Pastor’s Note: Being Enthralled

• “To what then shall I compare the people of this generation, and what are they like? They are like children sitting in the marketplace and calling to one another, ‘We played the flute for you, and you did not dance; we sang a dirge, and you did not weep.’ For John the Baptist has come eating no bread and drinking no wine, and you say, ‘He has a demon.’ The Son of Man has come eating and drinking, and you say, ‘Look at him! A glutton and a drunkard, a friend of tax collectors and sinners!’ Yet wisdom is justified by all her children” (Luke 7:31ff).

• There is nothing capable of enrapturing the Pharisees, nothing that will enthrall them, beguile, captivate them. They extinguish what might compel them to ecstasy, they dismiss what might dismay them. The subtle shift from sober orthodoxy to spiritual lethargy has passed unnoticed. Dorothy Sayers, in a fit of pure genius, once wrote: “The sixth deadly sin is named…Sloth. The world calls it Tolerance; but in hell it is called Despair. It is the sin which believes in nothing, cares for nothing, seeks to know nothing, interferes with nothing, enjoys nothing, loves nothing, hates nothing, finds purpose in nothing, lives for nothing, and only remains alive because there is nothing for which it would die.” I shared that with a younger friend several years back and he wrote back, “that’s my generation.”

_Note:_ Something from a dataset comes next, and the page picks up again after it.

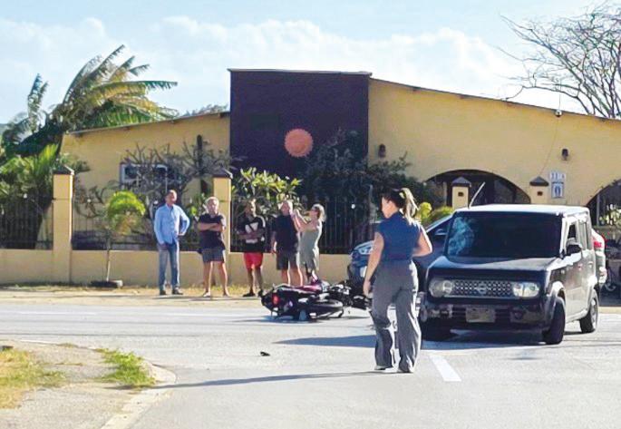 Na banda di e auto e motociclista hoben seriamente herida cu golpinan fuerte na cara y
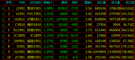 期货跌幅排名:焦炭跌3.08%,PVC(6860, -165.00, -2.35%)跌2.35%,沪镍(107600, -2330.00,-2.12%)跌2.12%,棉纱跌1.82%,热卷(4064, -74.00, -1.79%)跌1.79%,锰硅(8380, -108.00,-1.27%)跌1.27%,塑料(9380, -115.00, -1.21%)跌1.21%。

• Of course, it’s every generation. Terrified of being caught in some foolish enthusiasm, where open-hearted, childlike sincerity becomes the target of snark and ridicule, we learn to dismiss the things that might enchant and enthrall us. Or, having once given our hearts away, and having had our hearts pierced, we decide we will never again be taken. “No man’s fool” is a phrase my father’s generation applied to that mindset. It was usually a term of praise, yet Lewis once asked, what’s the point of always “seeing through” things if we never actually see anything?

• Jesus enthralled all who were still capable of being enthralled. To some he gave that ability again. When he said to the disciples “come and see” it was not so much about where he was sleeping that night, but about the possibility of believing again. What was too good to be true had become true. Those who gave away their hearts, those who followed, were soon beguiled, captivated, enraptured. But you had to accept the gamble. You had to shove all your earnings to the center of the table and throw down your cards.

• Stop guarding yourself. To follow Christ is to entrust yourself to him, then offer yourself as a living sacrifice. Yes, you will lose your life. But only then will you find it.